▸ Work instruction: The line with "Propriétés modernes construites" marks where to begin; print it and all lines after it in the material below exactly, skipping pictures.

+++++

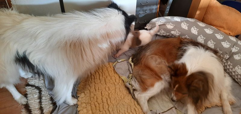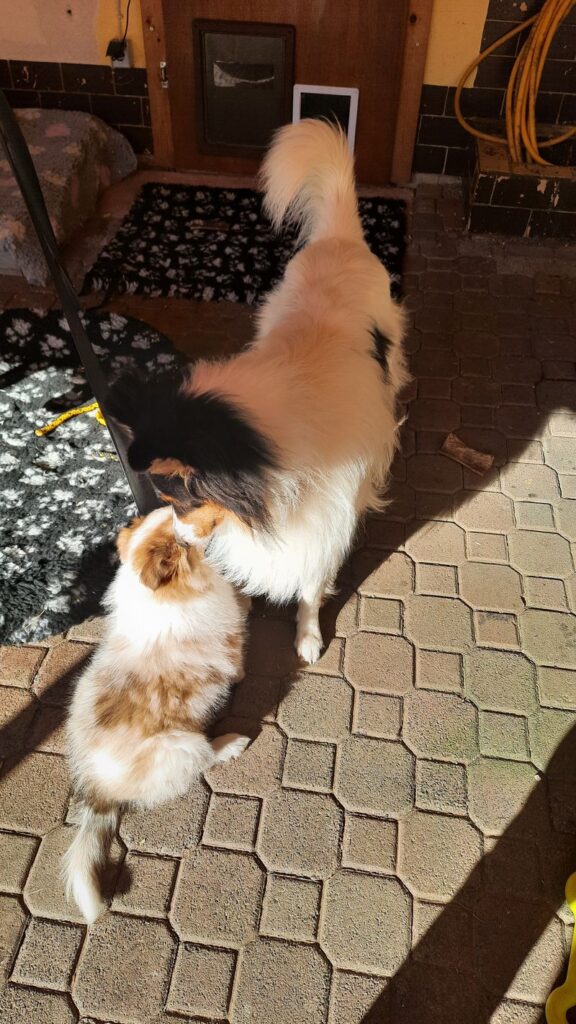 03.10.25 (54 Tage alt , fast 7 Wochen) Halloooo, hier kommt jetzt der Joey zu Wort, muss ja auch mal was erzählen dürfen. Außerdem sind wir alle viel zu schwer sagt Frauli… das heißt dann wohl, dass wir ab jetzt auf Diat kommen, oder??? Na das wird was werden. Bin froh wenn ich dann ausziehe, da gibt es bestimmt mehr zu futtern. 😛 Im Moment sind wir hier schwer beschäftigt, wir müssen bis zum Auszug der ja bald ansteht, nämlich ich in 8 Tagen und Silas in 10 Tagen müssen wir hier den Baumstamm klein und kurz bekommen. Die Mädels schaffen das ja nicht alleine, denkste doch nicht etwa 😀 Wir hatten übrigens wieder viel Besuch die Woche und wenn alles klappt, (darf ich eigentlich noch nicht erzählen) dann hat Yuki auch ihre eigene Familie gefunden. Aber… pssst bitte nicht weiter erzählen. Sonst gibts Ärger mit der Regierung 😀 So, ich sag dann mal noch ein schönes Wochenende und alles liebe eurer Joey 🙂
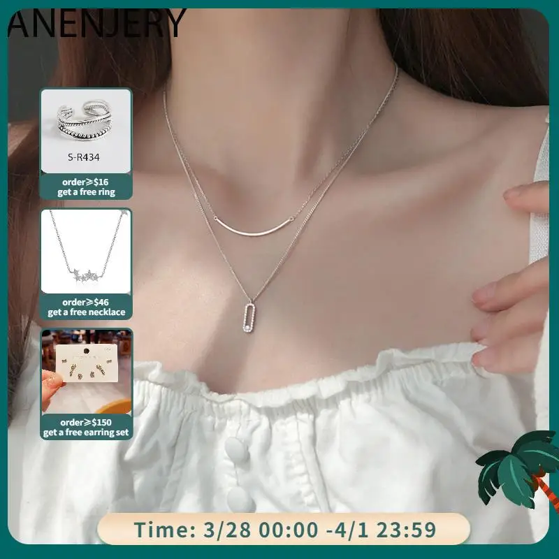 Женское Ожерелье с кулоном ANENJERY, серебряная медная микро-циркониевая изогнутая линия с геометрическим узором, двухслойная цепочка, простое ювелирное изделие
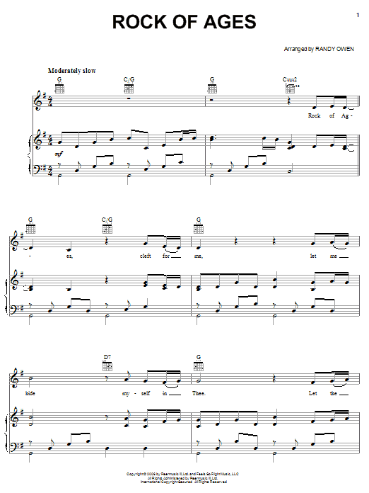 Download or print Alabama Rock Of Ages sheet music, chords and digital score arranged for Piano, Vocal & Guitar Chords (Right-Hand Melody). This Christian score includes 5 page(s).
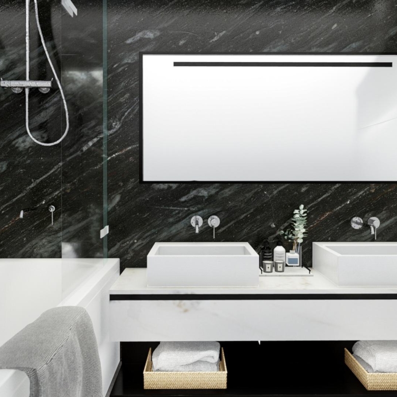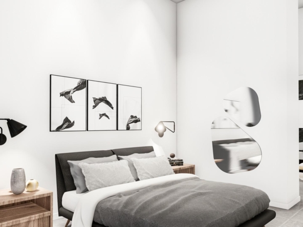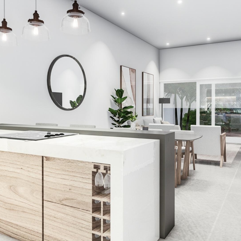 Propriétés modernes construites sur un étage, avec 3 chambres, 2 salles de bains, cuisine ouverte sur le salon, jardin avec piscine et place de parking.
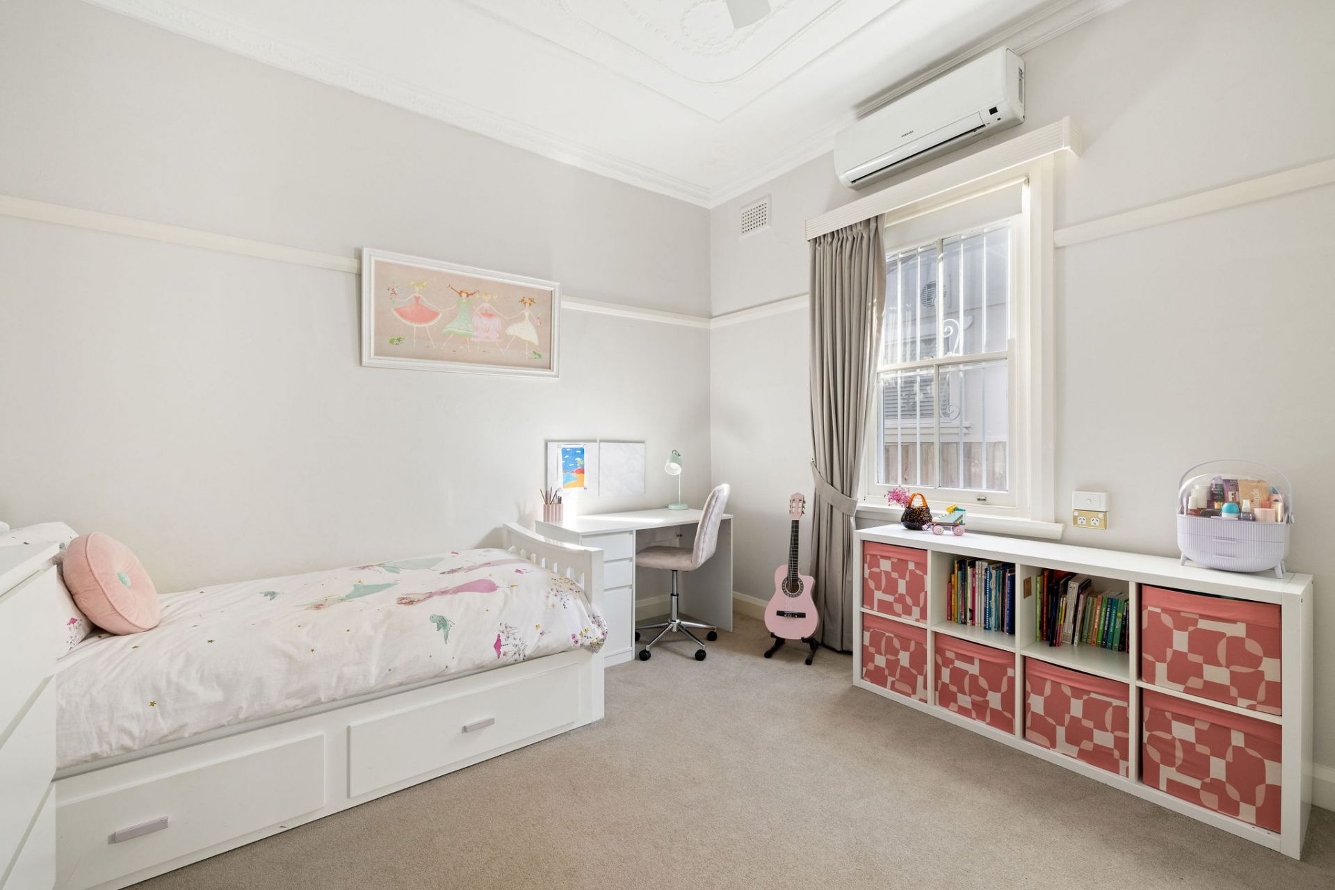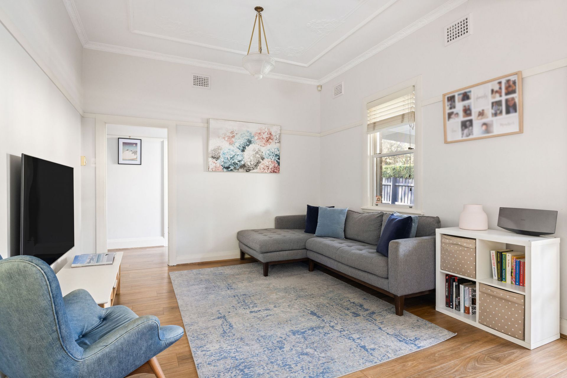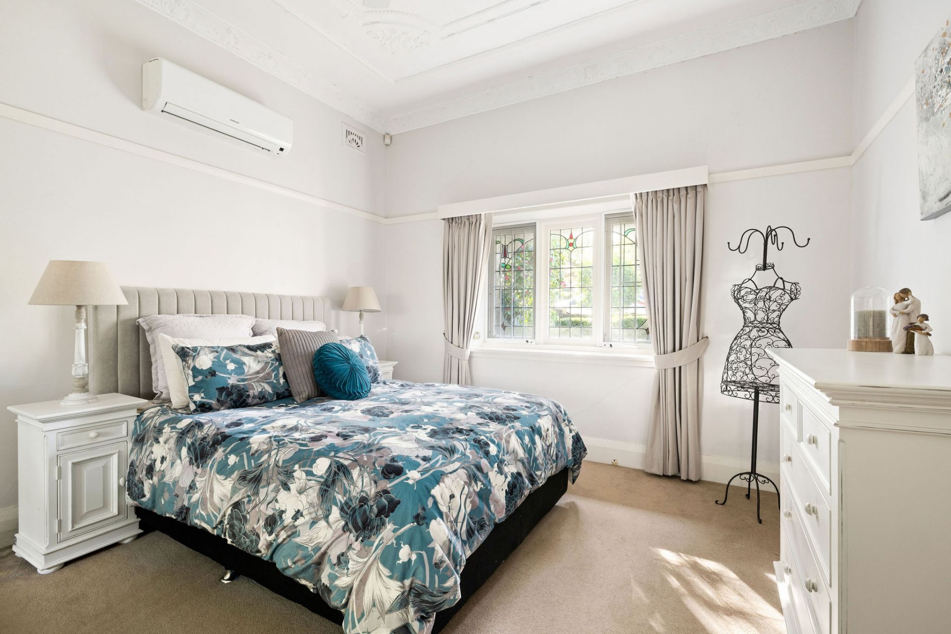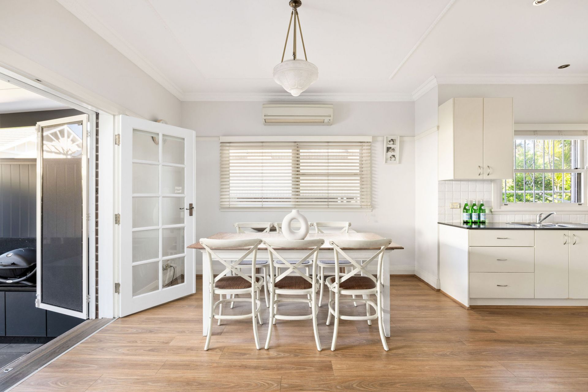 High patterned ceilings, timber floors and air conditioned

+++++

▸ Written response:
 Propriétés modernes construites sur un étage, avec 3 chambres, 2 salles de bains, cuisine ouverte sur le salon, jardin avec piscine et place de parking.
 High patterned ceilings, timber floors and air conditioned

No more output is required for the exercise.